Jared laughed. “Exactly! Well, universities today are planning courses in biomedical engineering and I shall simply have to—”

He broke off.

She waited, and then asked in the quiet almost indifferent voice with which she had been speaking, “And how, exactly, do you define biomedical engineering?”

He looked at her surprised and then considering. “Well, it’s an interdisciplinary sort of thing, as I think I’ve told you — multidisciplinary, if one is to be exact. For example, if I develop nuclear instrumentation — which I may decide upon — I must have electronic engineering for making my tools. But since I want to work in the medical field I must proceed further with biology.”

“That makes you a physico-biological engineer?”

“Exactly.”

He looked at her with suddenly quizzical eyes. “Strange talk, this, isn’t it? Between a young man and a beautiful woman?”

“It brings back my talks with my father, when I was a girl,” she said.

“You still don’t look more than a girl,” he said.

She felt his eyes upon her then and, looking up, met as surprised a gaze as though he saw her for the first time. Accustomed as she was to abrupt appreciation in a man’s look, she was instantly absurdly shy. She had often been told that she was a beautiful woman, although she did not think herself beautiful, being too tall, she thought, and inclined to be too thin and perhaps too fair, not at all voluptuous looking or anything of that sort. So she had thought somewhat apologetically when she was Arnold’s wife, yet here was the “look” again, as she called it to herself, a look unwelcome until now, when to her own surprise, it was not at all unpleasant. She met his dark eyes, not boldly in the least, but with a sort of pleading.

“I suppose it’s because I’m too thin,” she said, her voice so low as to sound breathless.

“You’re exactly right,” he replied firmly. “I’m glad you’re tall and leggy.
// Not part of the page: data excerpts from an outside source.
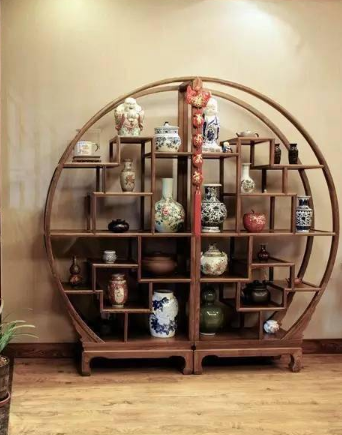 博古架又名“多寶格”,是室內(nèi)隔斷的一種,也可用來(lái)擺放古玩器物,富有觀賞性和實(shí)用性。月洞門博古架將“圓月”融入家具中,使家具更富有意韻。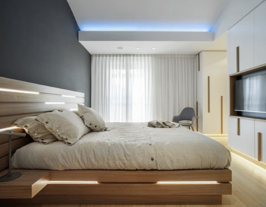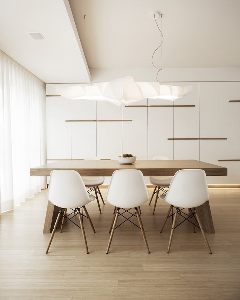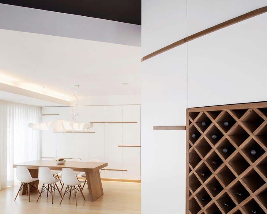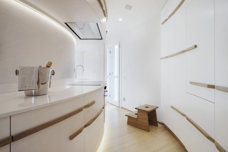 The lighting project is complex, conceived to offer many options for modulating a great number of lighting parameters to create changing scenarios over the course of the day and in each different space of the home. Even greater care, were that possible, was taken with the furnishings: everything is made to measure! Like the spectacular kitchen, designed by Studiòvo, with its surfaces describing an unusual, uninterrupted curve. A masterpiece of expert joinery that put the skills of the Officine 3076 craftspeople to the test: they not only built the furniture but were responsible for fitting them, like a hand into a glove, into the unfinished shell of the home. The kitchen also features high-tech professional appliances and is always stocked with a selection of typical, quality local food and wine products to welcome guests’ arrival.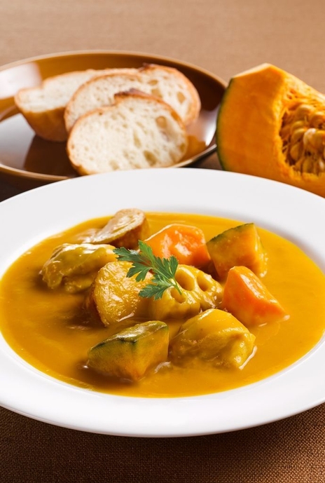 かぼちゃ、さつまいも、れんこん、にんじん、鶏肉の食べ応えのある具材感。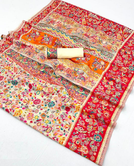 Beautiful Silk Off White Multicolor Kashmiri Saree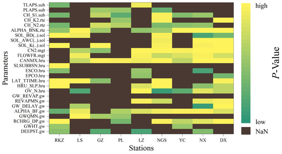 The sensitivity analysis of hydrological parameters shows that the p-value of sensitive parameters at all stations in the YZRB is less than 0.3 (Figure 5). The sensitivity ranking of parameters is determined based on their p-values, where smaller values indicate greater sensitivity. Among the nine stations, NGS and NX stations have the highest number of sensitive parameters, while PL station has the lowest number.

I like it.”

She laughed, to evade this declaration. “What am I supposed to say now?”

“Whatever you feel,” he directed promptly.

“Well, then, I’m pleased, though surprised.”

“Come now — I don’t believe you’re surprised,”

He gazed at her, daring her, and she felt her cheeks flush. She was about to protest her age in self-protection and then did not, discovering in herself a reluctance even to think of the difference in their ages. What did it matter if really it did not? They were two human beings who by accident had been born a generation apart. So it had been with herself and Edwin, only that was different, was it not, since he was the man?

“What are you thinking of?” Jared asked suddenly.

She laughed in embarrassment “Has one person the right to ask that of another?”

“Meaning you won’t tell me?”

“Meaning I won’t tell you!”

They exchanged half-smiling, half-challenging looks and then she rose.

“Thank you for telling me about the child. I shan’t forget. It explains so much. Do you mind if I say good night? I’m a little tired tonight.”

…Safely in her own room and alone, she sat down before her dressing table and stared at herself in the oval, gilt-framed mirror that hung above it. What she saw was different, or so she imagined, from the woman she had looked at, without exactly seeing her, this morning when she was brushing her hair after her shower. This woman, reflecting herself now, looked, she decided, glowing — a ridiculous word. As though she were naïve enough to glow, if one must use the word, merely because a young man seemed inclined toward falling in love with an older woman who happened to be herself! Older she was, and she had all the sophistication, she believed, that a woman should have at her age.

Her acquaintance, if not her friendship, was wide, and she was quite accustomed to the attachments between men and women these days, old and young, young and old. For that matter, what about herself and Edwin? But could she ever have explained that relationship to Arnold? Perhaps life was merely a series of experiences that could not be explained even to one’s self. And it was true that she now looked years younger than she was, which she had not before Arnold died, or indeed, even before Edwin died. Alone, she had in fact reverted to her own natural youthfulness, the effect, perhaps, of complete freedom, in which it was not necessary to share anything of herself, her time, her thoughts, with anyone else.